Kanavel's four cardinal signs of flexor tenosynovitis are: 1) flexed resting posture, 2) fusiform swelling (sausage digit), 3) tenderness along the flexor sheath, and 4) pain with passive extension. Exquisite pain with passive extension of the affected digit is widely considered the earliest, most sensitive, and most reliable clinical sign.

Question 179

Topic: Hand Trauma & Infection

A 40-year-old carpenter presents with a swollen, erythematous, and painful index finger after sustaining a puncture wound 2 days ago. Which of the following is NOT one of Kanavel's cardinal signs of acute suppurative flexor tenosynovitis?

. Fusiform swelling of the digit
. Tenderness along the flexor tendon sheath
. Pain with active finger flexion
. Pain with passive finger extension
. Finger held in a resting posture of slight flexion

Correct Answer & Explanation

. Pain with active finger flexion


Explanation

Kanavel's four cardinal signs include fusiform swelling, tenderness along the tendon sheath, resting flexion posture, and pain with passive extension.
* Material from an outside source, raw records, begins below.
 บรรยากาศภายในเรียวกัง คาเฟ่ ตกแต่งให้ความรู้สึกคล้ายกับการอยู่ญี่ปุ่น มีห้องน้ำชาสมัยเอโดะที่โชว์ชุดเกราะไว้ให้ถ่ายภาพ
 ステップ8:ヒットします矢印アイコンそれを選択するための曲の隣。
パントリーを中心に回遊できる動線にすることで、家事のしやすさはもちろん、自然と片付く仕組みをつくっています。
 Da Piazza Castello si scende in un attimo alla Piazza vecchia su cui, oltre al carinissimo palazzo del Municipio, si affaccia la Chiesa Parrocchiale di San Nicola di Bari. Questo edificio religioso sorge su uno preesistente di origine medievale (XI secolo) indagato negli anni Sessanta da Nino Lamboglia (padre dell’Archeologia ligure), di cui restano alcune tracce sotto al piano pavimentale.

Pain with active flexion is not one of the specific classic signs, as pain on passive extension is the most sensitive early indicator.

Question 180

Topic: Hand Trauma & Infection

A 35-year-old carpenter sustains a puncture wound to his right index finger. Two days later, he presents with severe pain and swelling. Which of the following is NOT one of Kanavel's cardinal signs of flexor tenosynovitis?
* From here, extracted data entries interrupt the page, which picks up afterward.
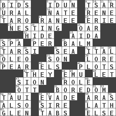 ACROSS 1. Auction offers 5. Goddess of spring and wife of Bragi 9. Russian ruler of old 13. Mountain range 14. Nathan's nickname 15. French philosopher Descartes 16. Pacific island yam 17. The wife of a rajah (variant) 18. One of the Great Lakes 19. Snuggling 21. Boat paddle 22. Flintstone garb 23. Opera by Verdi 24. Health resort 27. For each 28. Lip ointment 29. Tarsus (plural) 31. Ocean 32. Slanted text style (abbr.) 36. Butter sub 37. Male child 38. Old wives' tales, e.g. 39. Lightbulb-shaped fruit 40. Raised railways 41. Graphs 42. Those people 44. Australian flightless bird 46. Allow 47. The Jewish people; Israel 48. Hero or heavy, e.g. 50. Baseball player Mel 51. Mood resulting from idleness 54. "Change" in Tahitian 56. Dodge 58. Caspian sea tributary 60. In addition 61. Beget 62. Thin strip of wood or metal 63. Small, secluded valley 64. Bar bills 65. Otherwise DOWN 1. With the exception that 2. SW Asia republic 3. Have the gumption 4. Make a splashing sound 5. More empty; more void 6. Mild oath, euphamism for damn 7. Shoshoni 8. Born 9. Excercise machine 10. Spanish missionary in California 11. Cuckoo 12. Portuguese money of account (variant) 17. Travel on or in a vehicle 20. Native american tent (variation) 21. Petroleum 23. Auto club (abbr.) 24. Halt 25. Light colored 26. Length times width 28. Benjamin's nick name 30. Drawing lots 31. Mayday 33. Instrument 34. Johnson of "Laugh-In" 35. For fear that 37. Stealthy 40. Car or cant ending 41. Whine 43. Being at a high temperature 44. Eats (away) 45. Greater amount 47. Boozer 49. Peak District village in England 51. Sharp remark 52. Taken by mouth 53. Floor coverings 54. Label 55. Everything 56. Eastern Standard Time (abbr.) 57. By way of 59. A female animal or person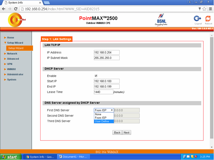 Go to a web browser and type 192.168.0.254 in the address bar and press enter and it will prompt a window as shown above.192.168.0.254 is the IP address of the Point Max 2500 WiMAX CPE.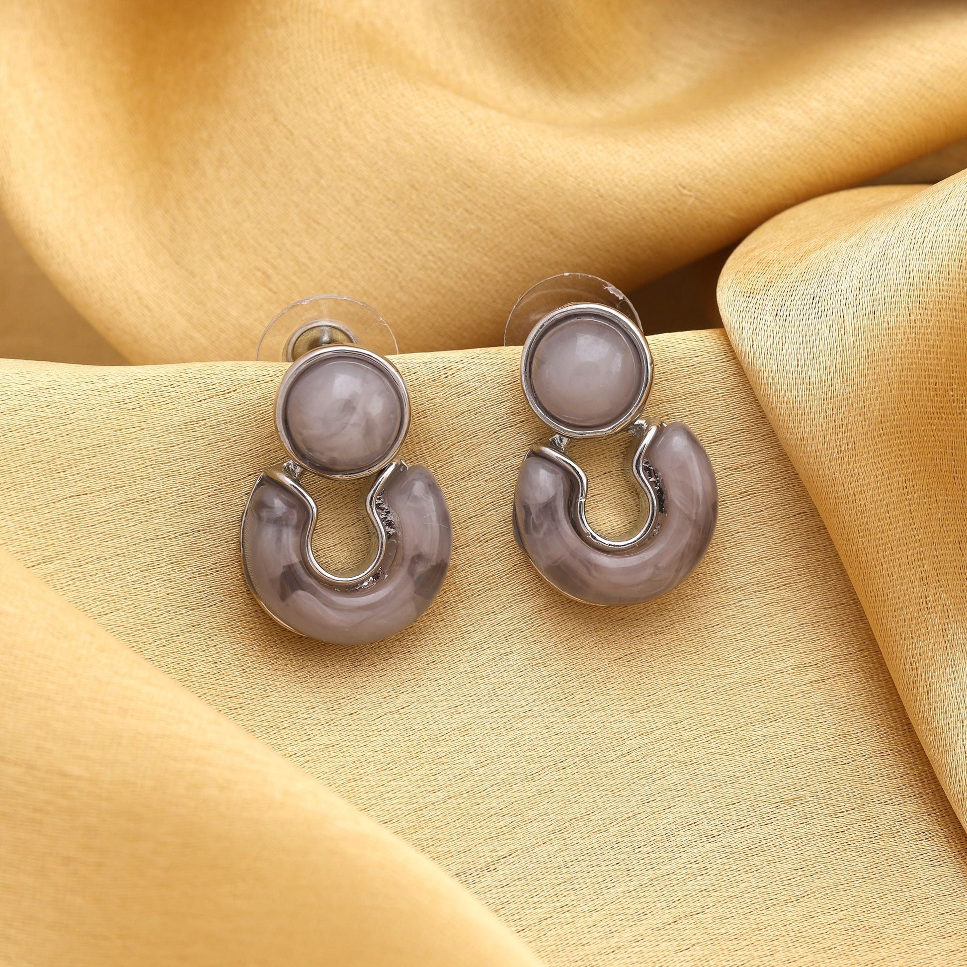 Classy Grey Color Anti Tarnish Earrings With Elegant Design Perfect For Formal Wear

. Flexed posture of the digit
. Fusiform swelling of the digit
. Erythema extending to the forearm
. Tenderness along the flexor tendon sheath
. Pain with passive extension of the digit

Correct Answer & Explanation

. Erythema extending to the forearm


Explanation

Kanavel's four cardinal signs of flexor tenosynovitis include flexed resting posture, fusiform swelling, tenderness along the flexor sheath, and severe pain on passive extension. Erythema extending to the forearm indicates spreading cellulitis or lymphangitis.